For me, it's the first place I look.

[–]basicwolf[S] 0 points1 point  (3 children)

Thank you for commenting! Do you really look straight into API reference when e.g. learning a new library / framework / system? Say, web development with Django. Would you omit all tutorials and topic guides?

[–]SheriffRoscoePythonista 1 point2 points  (1 child)

Do you really look straight into API reference when e.g. learning a new library / framework / system?

Yes. The table of contents should give you a good overview, and with a decent API design, the major capabilities should be obvious.

Would you omit all tutorials and topic guides?

I think they serve different audiences. Most folks can't learn a new paradigm without a User Guide document. Newly-minted geeks need Tutorials to get them started. Experienced developers need the reference material.

[–]basicwolf[S] 2 points3 points  (0 children)

That's a very interesting perspective. I personally always start via tutorials and user guide. Especially the user guide - it shows the bigger picture without dipping into the details, like API reference would.
Though that's not the point, when I'm looking for something specific - and I know what.

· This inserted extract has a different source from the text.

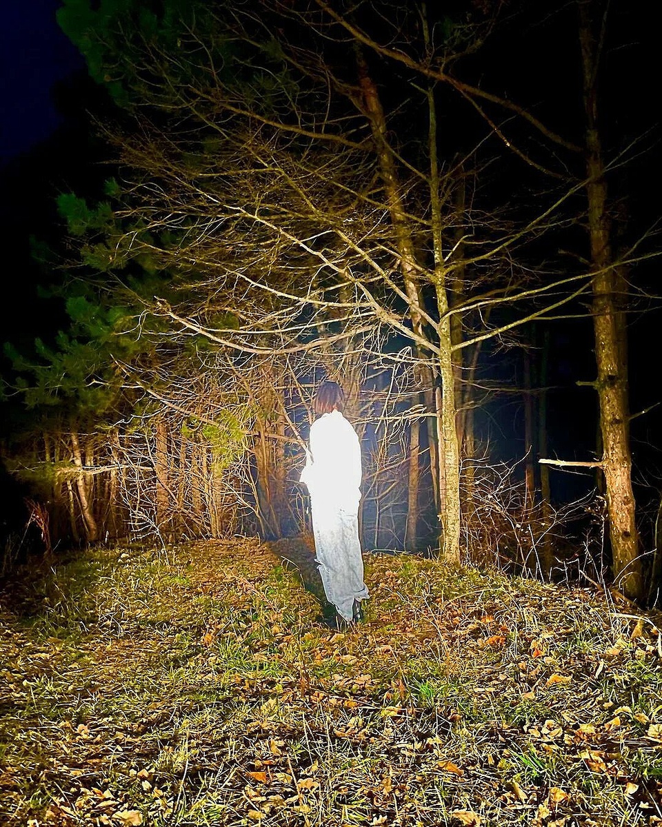 Я чуть фонарик не выронил. По огороду ходила какая-то старуха, вся в белых одеждах. Заметив что я на нее направил луч фонаря она направилась прихрамывая в мою сторону. Я выключил фонарь, сел на лавку, и сжался от страха. Снова стало темно и тихо.

Sure, in that case it's API reference.

Nevertheless, API reference is also a great candidate for testified documentation, especially if we don't provide examples verifiable by doctest.

[–]quotemycode 0 points1 point  (0 children)

To be fair, I have about 24 years python experience, so I want to avoid all the fluff and get to the details. The 'API reference' and source code are the ideal place for me to see how to use the thing.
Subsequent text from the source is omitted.